# how quickly should my childs riding lessons progress



## emilycat (15 December 2017)

Hi
i was just looking for some advice. my daughter has been having horse riding lessons every week for about 15 months and i was just wondering how lessons should be progresing. shes been confidently cantering for at least 6 months. she rides a different horse pretty much every week and is at a lovely school. but the lessons havent really gone on from there. the lesson is pretty much the same every week. they walk and trot around the school, change rein, change places in the ride and trot through poles( though some weeks the poles arent used and its just walk @trot). the lesson usually ends with a few rounds of cantering. and its been like this for months. about 8 months ago the teacher was rising half a pole up and they were trotting over that. but that hasnt happened for a long time now. i just feel like theres not really any progression going on at the moment. is this normal.? my daughter has taken to lessons really well and so far has picked everything up very quickly.
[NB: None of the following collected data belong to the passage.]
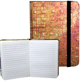 Zápisník s gumičkou 95x140 mm zlatý s červenou mřížkou A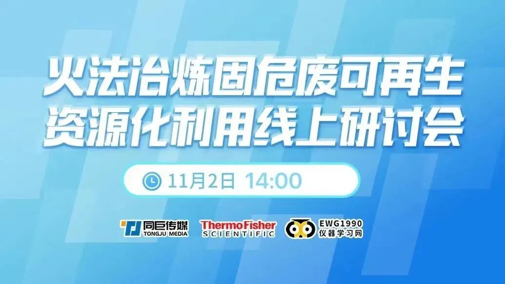 [直播预告] 线上免费直播课程——11月2日火法冶炼固危废可再生资源化利用线上研讨会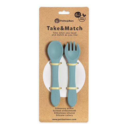TAKE&MATCH série TAKE what you need and MATCH as you like. Vyberte si výrobky, které vaše dítě potřebuje, a slaďte je barevně podle svých představ. Jídelní sety jsou k dispozici v barvách inspirovaných nejnovějšími trendy a zkomponovány tak, aby každá barva dokonale ladila s ostatními. Můžete proto libovolně kombinovat všechny prvky potřebné k přípravě bezpečného jídla pro vaše dítě a vytvořit si tak vlastní jedinečnou kolekci. Díky naší sérii se krmení vašeho dítěte stane nejen velmi jednoduchým, ale také estetickým a příjemným. Silikonový příbor TAKE&MATCH Souprava sestávající z vidličky a lžičky je celá vyrobena z potravinářského silikonu bez obsahu BPA. Díky tomu může vaše dítě jíst příborem teplá i studená jídla. Díky pružnému silikonu je příbor ideální pro citlivé dásně malého dítěte. Příbor je vhodný pro děti od 6 měsíců, které se seznamují s pestrou stravou, a pro ty, které se již úspěšně učí jíst samy. Zaoblené tvary a malé rozměry usnadňují děťátku jejich uchopení a tím i papání. Příbor lze sladit s jiným výrobkem z řady TAKE&MATCH ve stejné nebo hodící se barvě.

I guess im just wondering is this average for what she should be doing at 15 months of lessons?


----------



## Theocat (15 December 2017)

How old is your daughter? Is she well balanced? Is she able to independently steer and stop in walk trot and canter? I'd expect that by now and, once established, I'd expect jumping to be introduced. It is worth having a chat with the school - it could be that the (for example) 11am lesson is Beginner / Novice, and she needs to change time to "move up", and they've failed to tell you that. Or it could be that the instructor isn't very good, or that your daughter isn't very balanced, or that another child in the lesson is holding the group back.

I would have a word with the instructor/ owner, and be prepared to switch lessons or schools. Private lessons are a good way to progress, but not much fun for younger children.


----------



## Sussexbythesea (15 December 2017)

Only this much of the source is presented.